Both gluconeogenesis and glycogenolysis will decrease because low T3/T4 will lower the basal metabolic rate leading to a decreased demand for glucose. Lower glucose needs means the processes to produce glucose in the fasting state will be decreased.

How will low levels of T3/T4 impact lipogenesis and lipolysis and why does this make physiological sense?

Both lipogenesis and lipolysis rates will decrease. T3/T4 regulates nearly all cells to include adipocytes. Lower adipocyte activity will lead to lower rates of lipolysis and lipogenesis.

If low T3/T4 decreases the rates of lipogenesis and lipolysis, then why does serum cholesterol levels increase?
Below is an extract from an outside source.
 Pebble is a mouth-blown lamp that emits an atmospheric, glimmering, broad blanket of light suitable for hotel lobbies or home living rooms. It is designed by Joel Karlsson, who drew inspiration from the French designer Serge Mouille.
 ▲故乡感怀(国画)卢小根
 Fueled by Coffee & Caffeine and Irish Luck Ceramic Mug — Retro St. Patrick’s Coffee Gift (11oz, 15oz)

Cholesterol is absorbed by hepatocytes and coverted into bile acids. Low T3/T4 levels will suppress hepatocyte activity leading to less cholesterol being eliminated from plasma, thus leading to higher observed serum cholestrol levels.

Where are thyroid hormone receptors located within the cell?
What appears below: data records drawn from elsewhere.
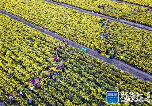 江蘇淮安白馬湖畔,當(dāng)?shù)剞r(nóng)民在采摘菊花(11月12日攝)。據(jù)悉,這千余畝菊花所在的白馬湖中草藥養(yǎng)生產(chǎn)業(yè)園,是淮安目前最大的菊花種植基地,也是當(dāng)?shù)卣Υ蛟斓募ɑ芊N植、藥材加工、旅游觀光等功能于一體的現(xiàn)代農(nóng)業(yè)科技園區(qū)。新華社記者 李響 攝
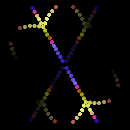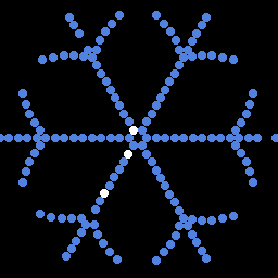 Кто помнит, во времена VGA графики был достаточно популярен во всяких демках алгоритм генерации плазмы, когда разноцветные пятна причудливо движутся и смешиваются, как какие-то волны или масляные пятна на воде. Википедия. Вот взял какой-то готовый алгоритм из инета, попытался его подогнать. Получилось так себе, на мой вкус. В силу малого «разрешения» снежинки, плазма не особо угадывается. Но как динамический эффект вполне сойдёт. Только похоже я где-то накосячил с зацикливанием, вроде как лагает в некоторые моменты. Ну и ладно.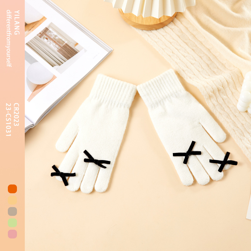 2025 겨울 신제품 다섯 손가락 단색 따뜻한 니트 장갑 여성 활 학생 방한 양모 장갑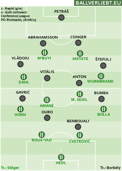Die Playoff-Hürde kam aus Győr, kein Selbstläufer, aber es hätte auch wirklich schlimmer kommen können. Das Hinspiel auf dem von einem Fungus halb zerfressenen Acker der Ungarn plätscherte vor sich hin, bis die Ungarn gleich nach Ankick zur zweiten Hälfte in Führung gingen. Rapid mühte sich gegen die eh nicht sonderlich sattelfesten Hausherren, traf im Angriffsdrittel aber viele falsche Entscheidungen. Wurmbrand hatte relativ rasch ausgeglichen, aber so richtig zwingend wurde Rapid danach nicht und dann ließ Amané seinem Gegenspieler Gavrić viel zu viel Platz, so erzielte Győr per Weitschuss das 2:1.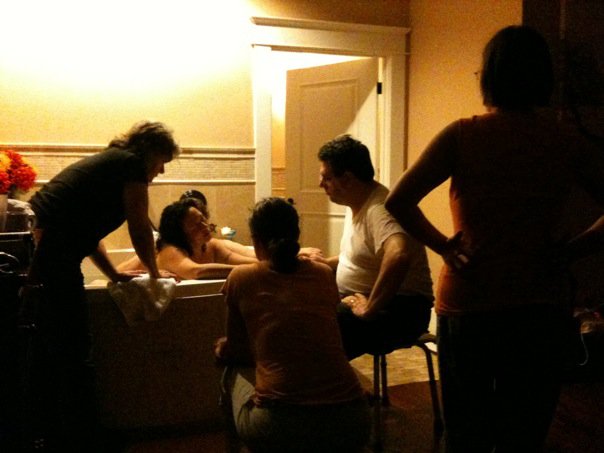 UPDATE: Okay, now we are having some solid contractions. Kelena, Michele's dad, is in the tub with her to give back support and massage.

Thyroid hormone receptors are located within the nucleus?

How would you expect Thyroid Hormones to influence the activity of Na/K ATPase and why?

Thyroid hormones increases Na/K ATPase activity due to the increased activity of the cell. This makes sense because many cellular processes are dependent on the electrogenic activity of Na/K ATPase.

Are thyroid receptors Type 1 or Type 2 steroid receptors and what is the difference between the two in terms of location?

Thyroid receptors are type 2 receptors and are found inside the nucleus bound to DNA, specifically the Thyroid Response Element. Type 1 steroid receptors are found in the cytoplasm and move to the nucleus after ligation.

What hormone stimulates the release of thyroid hormone, what type of signaling cascade does it initiate, and what type of cell does it target?

Thyroid stimulating hormone, from the anterior pituitary, targets follicular cells of the thyroid gland where it initiates a Gs signaling pathway which results in T3 and T4 release.

In descending order, list the thyroid hormone binding proteins according to their affinity.

Thyroxine Binding Globulin. Albumin. Transthyretin.

What type of deiodinase enzyme is responsible for deactivation of T3 and T4 hormones?

Type 3 Deiodinase.

T3 and T4 are hormones derrived from what amino acid residue?

Tyrosine

Why would a person with hyperthyroidism be at risk for vitamin deficiency?

Vitamins serve as cofactors or coenzymes for many metabolic processes. Hyperthyroidism increases metabolic activity and therefore increases the demand for vitamins which can be consumed in the process.

Will patients with primary hypothyroidism respond to a TRH challange, why or why not?

Yes, patients with primary hypothyroidism will respond to TRH challange as the problem is not in the hypothalamus, but in the thyroid gland itself.

Relative to normal, what TRH and TSH levels would you expect to see in a blood panel? Justify your answer interms of feedback mechanisms.

Both TRH and TSH will be higher than normal. Low T3/T4 levels means that there is less feedback inhibition to the hypothalamus and pars distalis which causes increased secretion of TRH and TSH.

How can you distinguish between secondary and tertiary hypothyroidism using a TRH challange?

Administration of TRH to a patient with secondary hypothyroidism will have no effect on TSH levels because the thyrotropes are incapable of producing TSH or responding to TRH. In tertiary hypothyroidism, the hypothalamus is not producing TRH and so the administration of exogenous TRH will see TSH levels increase to normal or above normal levels.

In secondary hypo or hyperthyroidism the root of the pathology is with what anatomical structure?

Anterior Pituitary, also called the adenohypophisis or pars distalis.